**Task brief:** Only one stretch of the data below is needed. Output the lines from the one with "Angekommen am Ayers" up to and including the one with "Un llavero con", exactly as they stand.

**Records shown:**
^^^^^^^^
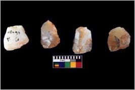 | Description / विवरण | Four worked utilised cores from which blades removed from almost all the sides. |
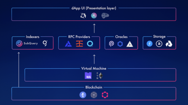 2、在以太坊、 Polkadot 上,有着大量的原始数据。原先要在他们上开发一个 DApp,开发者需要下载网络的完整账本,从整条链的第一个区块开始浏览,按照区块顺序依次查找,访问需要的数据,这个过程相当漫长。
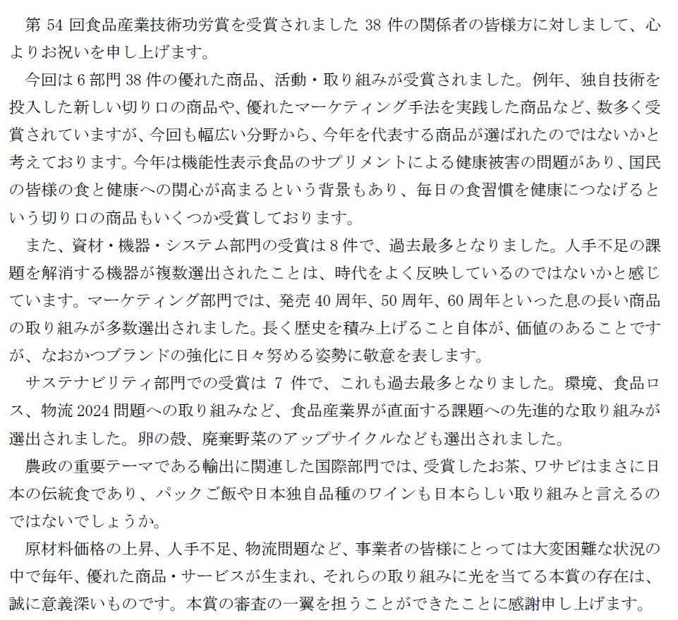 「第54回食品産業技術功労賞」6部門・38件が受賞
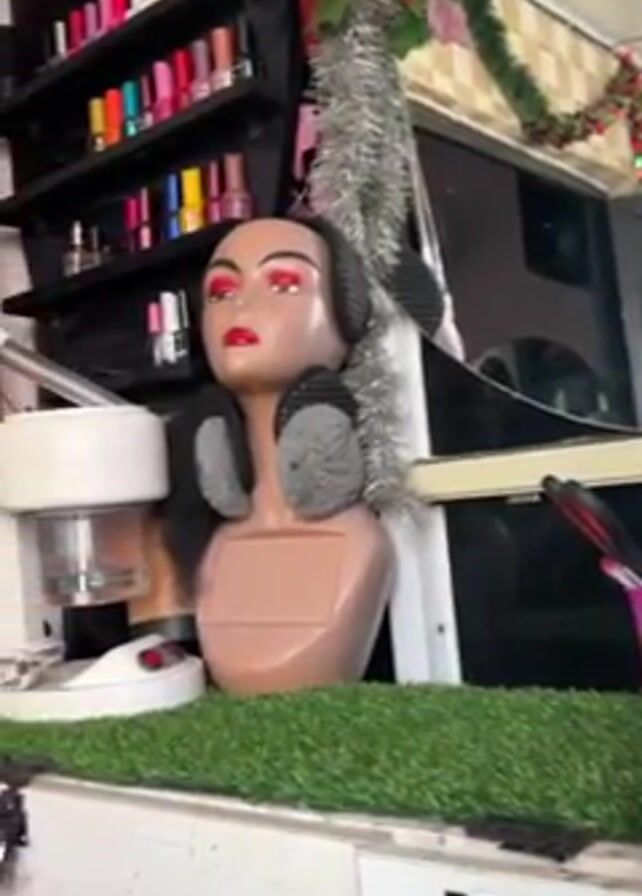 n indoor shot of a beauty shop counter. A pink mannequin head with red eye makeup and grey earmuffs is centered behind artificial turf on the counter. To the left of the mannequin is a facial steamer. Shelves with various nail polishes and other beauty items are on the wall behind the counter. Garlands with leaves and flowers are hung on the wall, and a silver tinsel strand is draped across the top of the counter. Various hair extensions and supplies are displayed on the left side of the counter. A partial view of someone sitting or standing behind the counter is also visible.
^^^^^^^^
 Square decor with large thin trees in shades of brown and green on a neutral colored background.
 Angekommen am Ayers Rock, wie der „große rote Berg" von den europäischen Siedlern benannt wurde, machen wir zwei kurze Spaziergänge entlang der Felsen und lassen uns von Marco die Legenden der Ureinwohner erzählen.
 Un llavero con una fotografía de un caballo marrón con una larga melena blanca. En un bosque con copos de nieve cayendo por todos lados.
^^^^^^^^
**Answer box:**
 Angekommen am Ayers Rock, wie der „große rote Berg" von den europäischen Siedlern benannt wurde, machen wir zwei kurze Spaziergänge entlang der Felsen und lassen uns von Marco die Legenden der Ureinwohner erzählen.
 Un llavero con una fotografía de un caballo marrón con una larga melena blanca. En un bosque con copos de nieve cayendo por todos lados.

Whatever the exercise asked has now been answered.